A. Clonogenic assay for the effect of temozolomide on the outgrowth of single cells *in vitro*. 231-BR-EGFP vector and MGMT transduced populations were plated at single cell densities, treated with the indicated concentration of temozolomide and the number of colonies counted after 10 days. Each dot represents the mean of triplicate data points within an experiment and the line designates the median of the data from 3 experiments (n=6 to 9). No colonies formed in the vector cells in the presence of temozolomide. B. Western blot analysis of 3 independent polyclonal populations of 231-BR-EGFP cells transduced with either an empty vector or human MGMT cDNA. Two other cell lines, MCF-7 and Jimt-1-BR3 are also shown as positive controls. C-E. 231-BR-EGFP cells transduced with vector or MGMT were injected into the left cardiac ventricle of female nude mice, and randomized to vehicle or 50 mg/kg temozolomide, 5 days a week, beginning on day 3 post-injection. (n=8 to 16). C. Median large metastases per brain section. D. Median micrometastases per brain section. E. Expression of MGMT in experimental brain metastases. Formalin-fixed paraffin-embedded sections of mouse brain with metastases were stained for MGMT expression. Representative images are shown from 2 mice per group. 200x magnification.

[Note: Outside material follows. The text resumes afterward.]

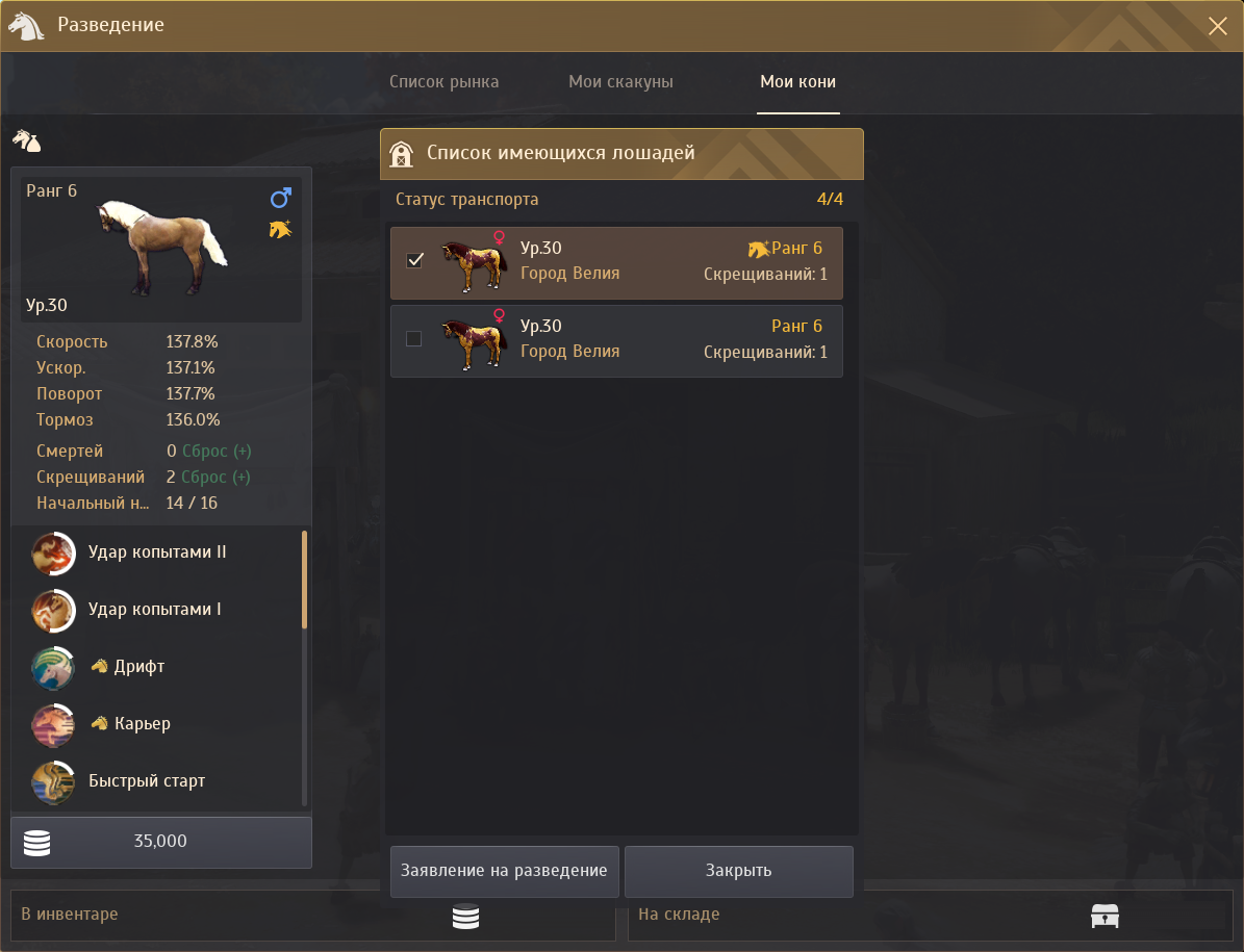 Тогда в списке рынка будут показываться только ваши лошади. Выберите нужных и подайте заявку на разведение.

The impact of MGMT expression on temozolomide prevention of 231-BR-EGFP BM was tested in experimental BM assays. Two vector- and two MGMT-positive polyclonal populations were injected into mice as described, and randomized to vehicle or 50 mg/kg temozolomide on the same schedule as previously described. Data from the two vector and two MGMT expressing polyclonal cell populations were combined as no significant difference was detected between the populations. A representative experiment of two conducted is shown (Fig 3C-D). For the two experiments conducted, vehicle treated mice injected with 231-BR-EGFP-vector cells developed medians of 1.4 and 0.7 large BM per section, while temozolomide again abrogated all large and micrometastasis development. Mice that received 231-BR-EGFP cells expressing MGMT, and were treated with temozolomide, developed a median of 1.7 and 2.8 large BM per section, respectively. These data were similar to that of untreated mice injected with 231-BR-EGFP and represented a strong trend of distinction from the temozolomide treated mice injected with 231-BR-EGFP (P = .066 and P = .0003, respectively). The data suggest that MGMT expression may modulate brain metastatic activity to a limited extent (Fig 3C). In agreement with previous data, temozolomide completely inhibited the formation of BM by 231-BR-EGFP-vector cells (P < .001 for both experiments), bringing to four the number of independent experiments with complete preventive activity (see Table 1). For the MGMT expressing 231-BR-EGFP cells, temozolomide administration resulted in a median of 0.6 and 2.8 large BM per section in the two experiments conducted, as compared to 1.7 and 2.8 large BM per section in vehicle treated mice, respectively (P = .010 and P = .48). Similar trends were observed for micrometastases (Fig 3D). Expression of MGMT in the tumor cells that formed metastases in the brain was heterogeneous at the end of the experiment; however, the majority of lesions maintained some level of expression of the transduced gene (Fig 3E). Thus, temozolomide prevention of BM formation in this model system was MGMT-dependent. We have been unable to identify a second BM model system that is low in MGMT expression for validation purposes.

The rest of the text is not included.